Recyclable means the packaging could be recycled if the material is clean and not contaminated with greases and oils, and the local council/waste management contractor has processes in place to actually recycle the material. We recycle very few plastics in NZ and it is now becoming more difficult to sell our recovered plastics overseas, with importers now placing huge reductions on the amount of plastics allowed in their processing lines.
Biodegradable means that the material will breakdown (degrade) faster by undertaking specific biological processes. “Bio” means that living organisms will increase the degradation of a material. Biodegradable materials are not always compostable, as some biodegradable plastics are still petroleum-based plastics and take hundreds of years to degrade. Making petroleum-based plastics biodegradable does not make them a green option, it simply speeds up the decay and the plastic molecules just become smaller (and more dangerous) sooner than later. Petroleum-based plastics should be recycled and not designed to biodegrade.
Compostable means that the material is made of organic matter, it will naturally biodegrade, and, in the right conditions, it can be converted into compost. The length of time it takes for an organic material to breakdown depends on the conditions in place (temperature, moisture, air, pressure) and the material. This is all very difficult to accurately ascertain as the conditions vary so much. All plant-based products are biodegradable and breakdown can take a few weeks to a few months.
Green Choice products are biodegradable and compostable. This is because they are plant-based (kraft cardboard, sugar cane, bamboo and plant starches) so they naturally break down and can become compost in the right conditions. This means that the remaining matter is suitable for use as compost (fertiliser) and safe to become part of the soil system.
Yes. Everything degrades (or decomposes) over time, but some things take longer than others. This depends on the base material and the conditions in which the thing is decaying in (temperature, humidity, air and time). A general rule of thumb is that if something is a natural product it breaks down naturally (mother nature at work), whereas a man-made product can take forever to decompose (think about concrete when you think about petroleum-based plastics). Natural degradation is a better option.

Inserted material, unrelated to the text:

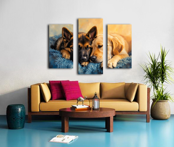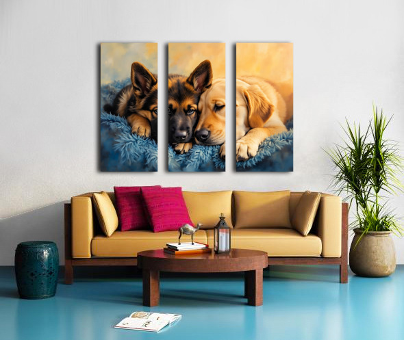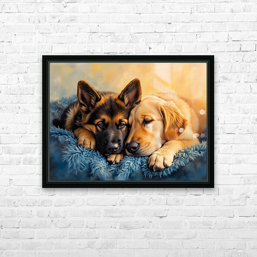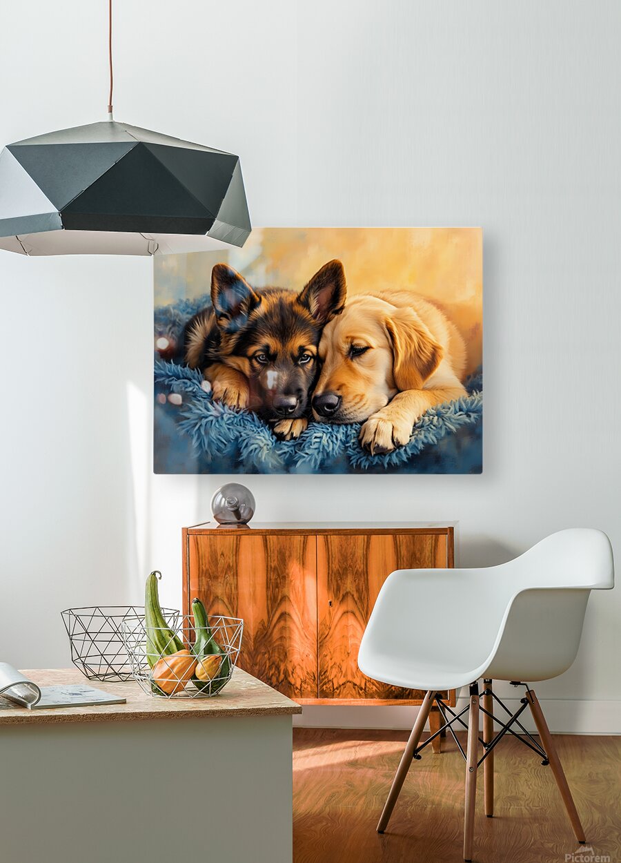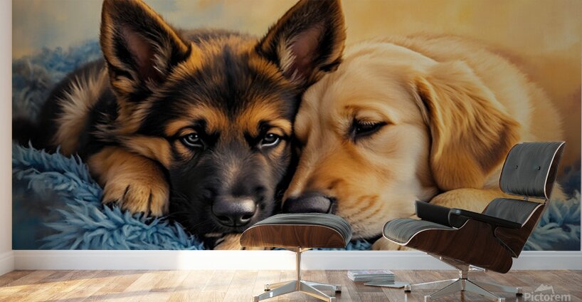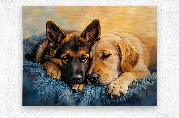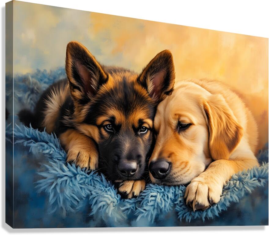 SUR CETTE OEUVRE: GERMAN SHEPHERD PUPPY SNUGGLES WITH GOLDEN FRIEND
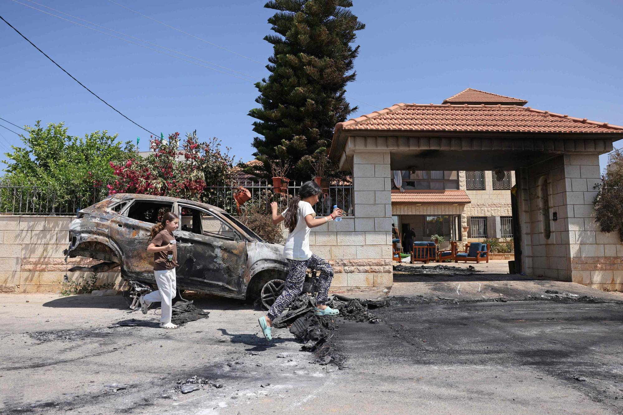 فلسطينيون يمرّون أمام سيارة محترقة أضرمها مستوطنون الأربعاء في ترمسعيا قرب رام الله (أ.ف.ب)

Biodegradation means that the molecules (that form the material) are created and bound in such a way that natural "living" micro-organisms (bacteria, fungi and algae) will consume and breakdown the molecules. This releases the bonding of the molecules and thereby speed up the degradation. There are chemical and physical degradation processes taking place, both accelerated due to the involvement of living organisms (hence the term biodegradation).
Yes, it's important to keep PLA products out of intense sunlight areas of warehouses (in or out of the packaging cartons). PLA has a relatively low glass transition temperature (typically between 44 and 63 °C). This is the temperature at which the molecular bonding starts to “relax” – don’t panic… it’s not melting, just relaxing. If the temperature increases it will move to a melting phase. PLA’s melt temperature is between 157 - 170 °C. This varies dependent on the thickness of the material and if it is bonded on cardboard (like coffee cups).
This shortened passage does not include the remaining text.